Leave the pictures out and print, word for word, the lines below from the one with "Hiệu năng –" through the final line.

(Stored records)
▶

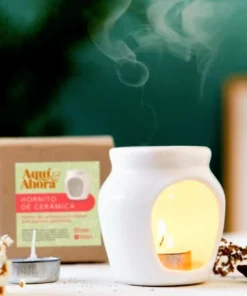 MODO DE USO: Llená con agua el recipiente superior del hornito. Luego añadí unas gotas de aceite aromático al agua. Finalmente colocá una vela en la cavidad inferior y encendela para comenzar a evaporar la fragancia.
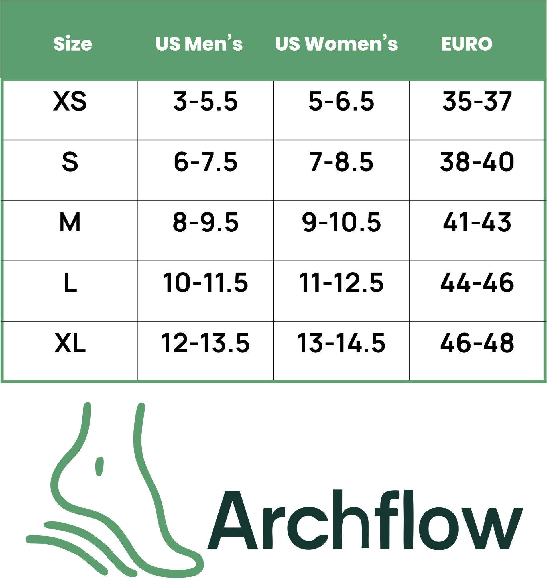 To get the best fit, it’s important to pick the right size. Please check your shoe size carefully before ordering; we list Archflow in both
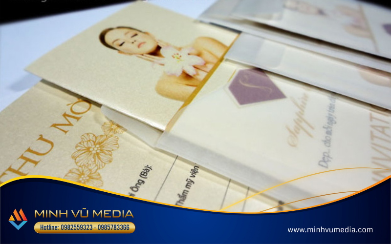 - Thiết kế và in ấn các vật phẩm quảng cáo. Cụ thể như thiệp mời, banner, backdrop, áp phích, brochure, và biểu ngữ. Minh Vũ sẽ tạo ra những thiết kế sáng tạo và độc đáo, phản ánh phong cách và thông điệp của spa.
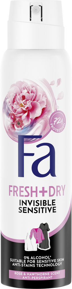 Fa Invisible_x000D_ Sensitive antiperspirant AntiStains tehnoloogiaga tagab õrna deokaitse kuni 48 h. Sobib ka tundlikule nahale._x000D_ Dermatoloogiliselt testitud. Värskendava lõhnaga. Enne kasutamist loksuta põhjalikult. Pihustades hoia pudelit_x000D_ püstiasendis, kaenlaalustest 15 cm kaugusel.
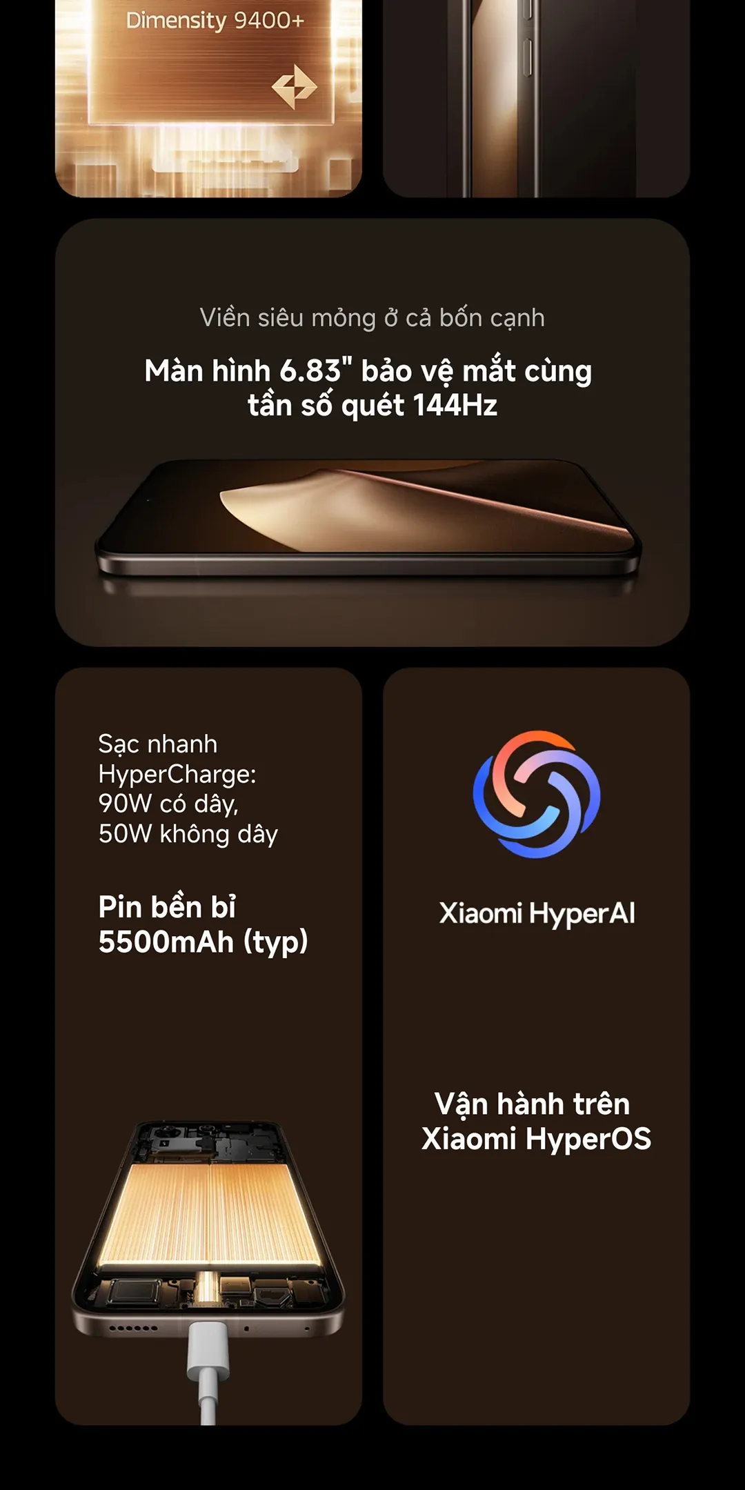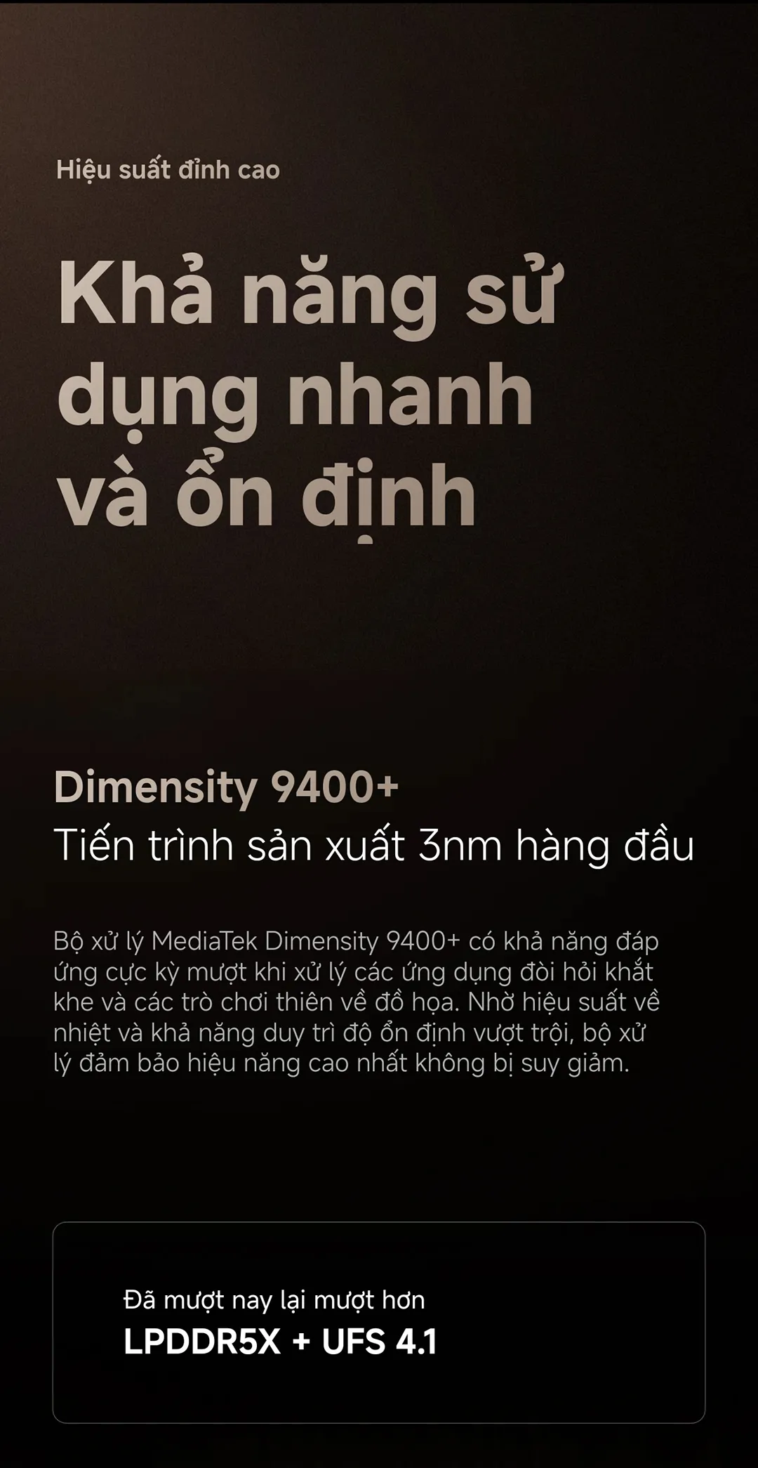 Hiệu năng – MediaTek Dimensity 9400+ và LPDDR5X/UFS 4.1
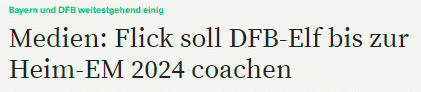 据德媒报道,德国足协希望弗里克能率领德国队参加2022年卡塔尔世界杯和2024年在德国本土举办的欧洲杯。之前有消息称德国足协最快在欧洲杯之前就能与弗里克完成签约,但弗里克最早在今年欧洲杯之后才会接手国家队的工作。
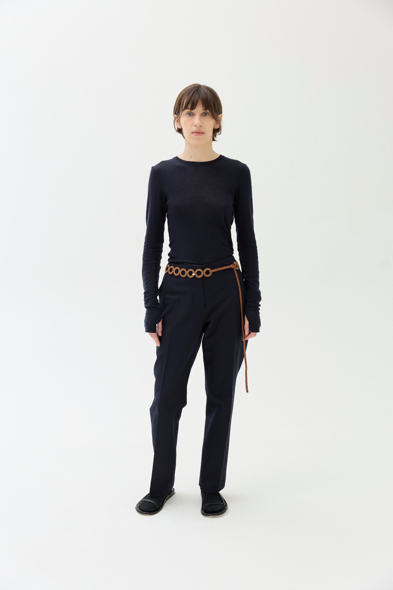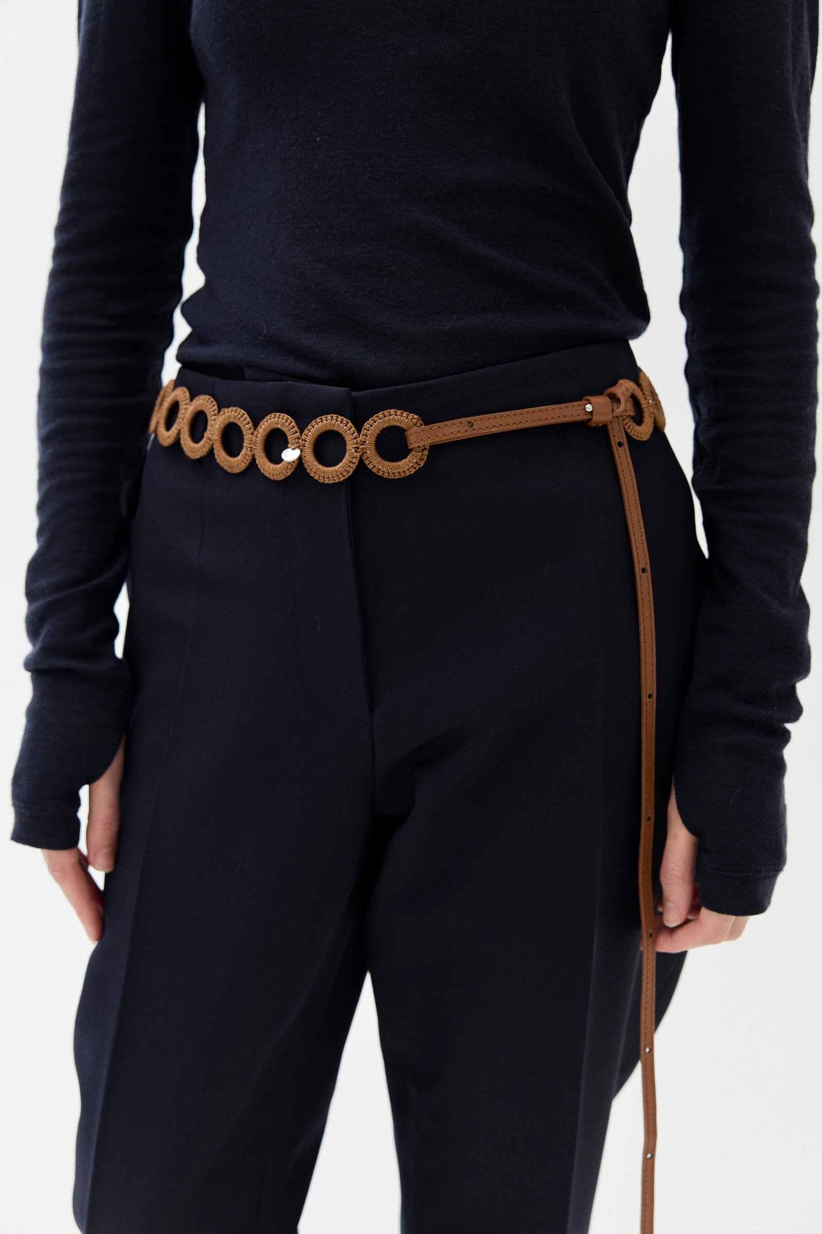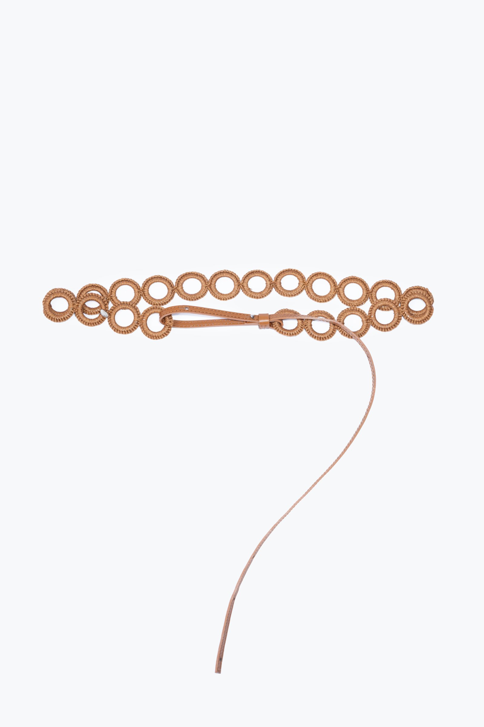 Cinturón calado tejido a mano con hilo de algodón encerado y pieza regulable de cuero vacuno.

◀

PROBLEM SOLUTION.
 Hiệu năng – MediaTek Dimensity 9400+ và LPDDR5X/UFS 4.1
 据德媒报道,德国足协希望弗里克能率领德国队参加2022年卡塔尔世界杯和2024年在德国本土举办的欧洲杯。之前有消息称德国足协最快在欧洲杯之前就能与弗里克完成签约,但弗里克最早在今年欧洲杯之后才会接手国家队的工作。
 Cinturón calado tejido a mano con hilo de algodón encerado y pieza regulable de cuero vacuno.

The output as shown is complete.